Sex-specific risk factors for childhood wheeze and longitudinal phenotypes of wheeze - 18/04/17

Abstract |
Background |
Although sexual dimorphism in wheeze and asthma prevalence are well documented, sex-specific risk factors for wheeze and longitudinal wheeze phenotypes have not been well elucidated.
Objective |
By using a large prebirth cohort, this study aimed to identify sex-specific risk factors for wheeze from birth through midchildhood and identify distinct longitudinal wheeze phenotypes and the sex-specific risk factors associated with these phenotypes.
Methods |
Mothers reported child wheeze symptoms over the past year approximately yearly on 9 occasions starting at age 1 year. We identified sex-specific predictors of wheeze, wheeze phenotypes, and sex-specific predictors of these phenotypes by using generalized estimating equations, latent class mixed models, and multinomial logistic analysis, respectively.
Results |
A total of 1623 children had information on wheeze at 1 or more time points.
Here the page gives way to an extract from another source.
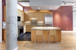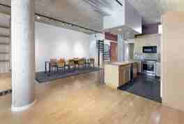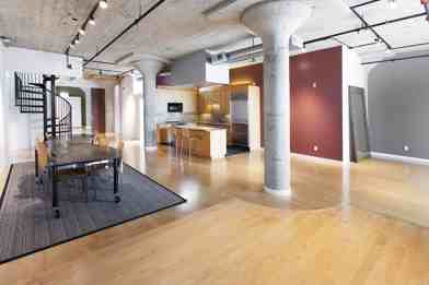 • Concrete floors, columns, oversized windows, soaring ceilings.

Paternal asthma was a stronger predictor of ever wheezing in boys (odds ratio [OR], 2.15; 95% CI, 1.74-2.66) than in girls (OR, 1.53; 95% CI, 1.19-1.96; P for sex by paternal asthma interaction = .03), whereas being black or Hispanic, birth weight for gestational age z score, and breast-feeding duration had stronger associations among girls. We identified 3 longitudinal wheeze phenotypes: never/infrequent wheeze (74.1%), early transient wheeze (12.7%), and persistent wheeze (13.1%). Compared with never/infrequent wheeze, maternal asthma, infant bronchiolitis, and atopic dermatitis were associated with persistent wheeze in both sexes, but paternal asthma was associated with persistent wheeze in boys only (OR, 4.27; 95% CI, 2.33-7.83; P for sex by paternal asthma interaction = .02), whereas being black or Hispanic was a predictor for girls only.
Conclusion |
We identified sex-specific predictors of wheeze and longitudinal wheeze patterns, which might have important prognostic value and allow for a more personalized approach to wheeze and asthma treatment.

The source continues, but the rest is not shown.